La justice n’est pas un instrument de mort

L’exécution de Troy Davis cette nuit est une barbarie.

Je ne sais pas s’il était coupable ou finalement innocent, je ne sais pas s’il était un homme aimé de sa famille et de ses proches, je ne sais pas grand chose de lui si ce n’est qu’il a été exécuté au nom de la logique implacable d’un système judiciaire qui n’arrive pas à prendre en compte ni les contradictions de la société américaine, ni l’élévation morale que représente le dépassement du sentiment de vengeance au profit d’un idéal collectif.

Je ne jetterai pas la pierre à tout un peuple pour ne pas encore avoir réussi à progresser significativement vers cet idéal, nous même avons pris notre temps, malgré notre héritage philosophique et révolutionnaire, au point d’avoir attendu 1981 que Robert Badinder monte à la tribune de l’assemblée nationale pour faire passer cet idéal dans la loi, et encore ce fut difficile tant la plus grande réforme du XXème siècle portée par la gauche fut contestée ! Mais cette nuit la barbarie organisée a couvert d’une tache de sang supplémentaire la marche vers le progrès, vers un futur meilleur de la société américaine, et au-delà de l’humanité.

Jaurès naguère écrivait que « La peine de mort est contraire à ce que l’humanité depuis deux mille ans a pensé de plus haut et rêve de plus noble.
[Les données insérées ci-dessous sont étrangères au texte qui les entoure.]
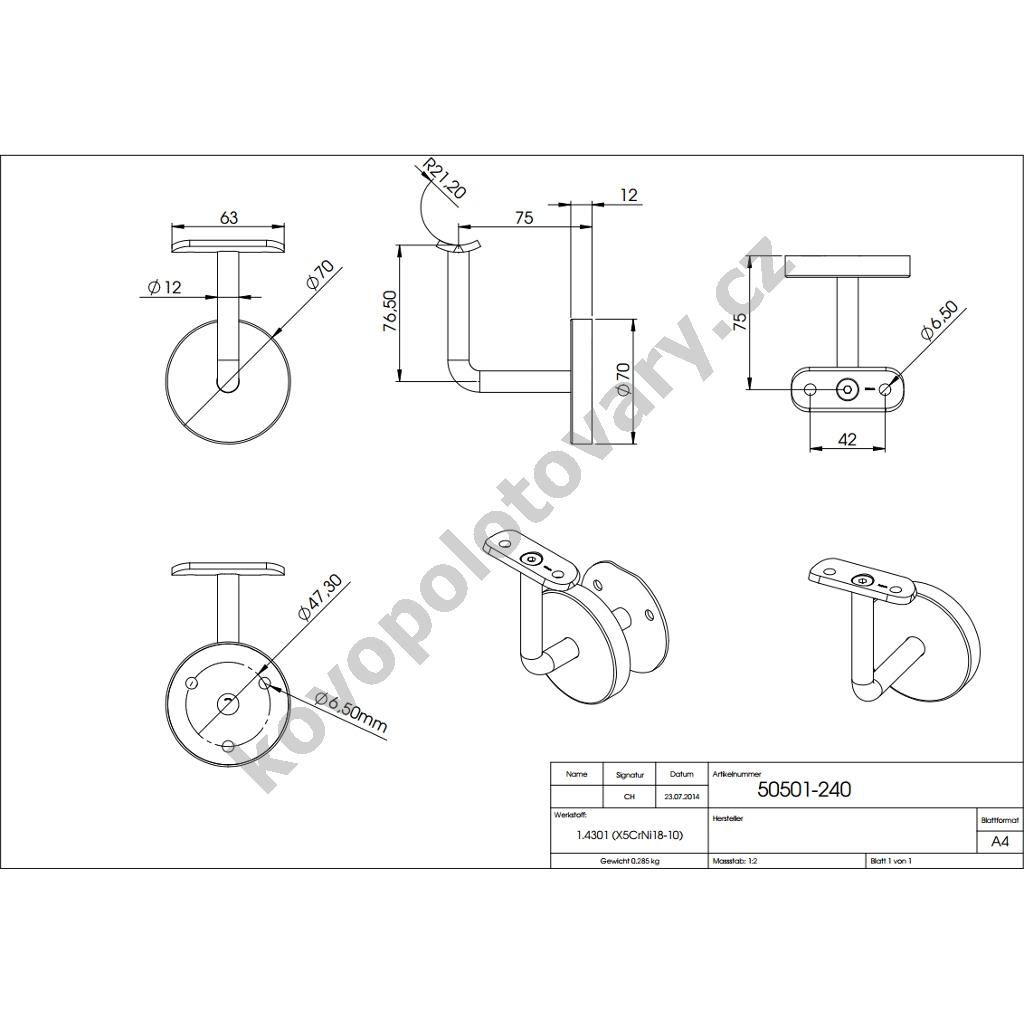 Délka balíku: 100; Krycí rozeta: ano; Materiál madla: nerezová ocel AISI 304 (A2); Prodejní délka: 1; Tvar držáku: kulatý; Tvar madla: kulatý; Výrobce: KovoPolotovary;

Elle est contraire à la fois à l’esprit du christianisme et à l’esprit de la Révolution« . Pour Troy Davis, la peine de mort a dénié tout espoir de justice à travers l’application aveugle de lois qui couvrent en fait une volonté plus ou moins collective de vengeance, lorsque ce ne sont pas de bas instincts.
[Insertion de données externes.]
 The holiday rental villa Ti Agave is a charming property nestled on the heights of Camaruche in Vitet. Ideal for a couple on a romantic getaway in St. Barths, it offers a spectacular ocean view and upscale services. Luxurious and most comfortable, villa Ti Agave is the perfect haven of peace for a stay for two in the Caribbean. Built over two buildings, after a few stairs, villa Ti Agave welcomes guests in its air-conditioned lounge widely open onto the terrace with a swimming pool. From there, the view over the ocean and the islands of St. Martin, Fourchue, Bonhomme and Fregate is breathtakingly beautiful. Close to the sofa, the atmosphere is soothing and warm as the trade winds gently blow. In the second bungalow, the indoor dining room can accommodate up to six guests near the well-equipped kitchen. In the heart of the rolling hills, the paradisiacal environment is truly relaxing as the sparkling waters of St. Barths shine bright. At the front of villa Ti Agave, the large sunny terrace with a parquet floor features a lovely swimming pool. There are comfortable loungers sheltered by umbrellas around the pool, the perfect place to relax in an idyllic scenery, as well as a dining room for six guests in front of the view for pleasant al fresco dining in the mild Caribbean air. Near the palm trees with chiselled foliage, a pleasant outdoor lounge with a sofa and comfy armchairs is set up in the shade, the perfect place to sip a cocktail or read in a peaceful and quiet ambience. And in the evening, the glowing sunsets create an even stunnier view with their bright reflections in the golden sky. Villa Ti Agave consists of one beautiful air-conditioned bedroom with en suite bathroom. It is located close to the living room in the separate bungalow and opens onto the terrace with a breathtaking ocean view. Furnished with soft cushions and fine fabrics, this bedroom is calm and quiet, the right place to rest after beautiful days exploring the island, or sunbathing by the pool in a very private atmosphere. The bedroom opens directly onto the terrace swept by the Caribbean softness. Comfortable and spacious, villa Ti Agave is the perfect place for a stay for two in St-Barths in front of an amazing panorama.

Bien sûr que certains crimes sont horribles. Bien sûr que certains criminels sont inexcusables et irrécupérables. Bien sûr qu’à titre individuel nous ne pouvons pas affirmer que nous ne tuerions pas nous aussi l’auteur d’une abomination qui viendrait à nous frapper. Mais la Justice n’est pas l’œuvre d’un individu, elle ne sert pas la réparation du préjudice d’un seul ni même de quelques uns. Elle doit réparer autant que faire se peut, mais elle doit surtout guider les Hommes sur un chemin de progrès, et au sein d’un procès, un progrès pour le coupable, la victime et la société.

La peine de mort fait disparaître le coupable, parfois aussi un innocent, elle ne répare rien pour la victime, et transforme la société en meurtrier.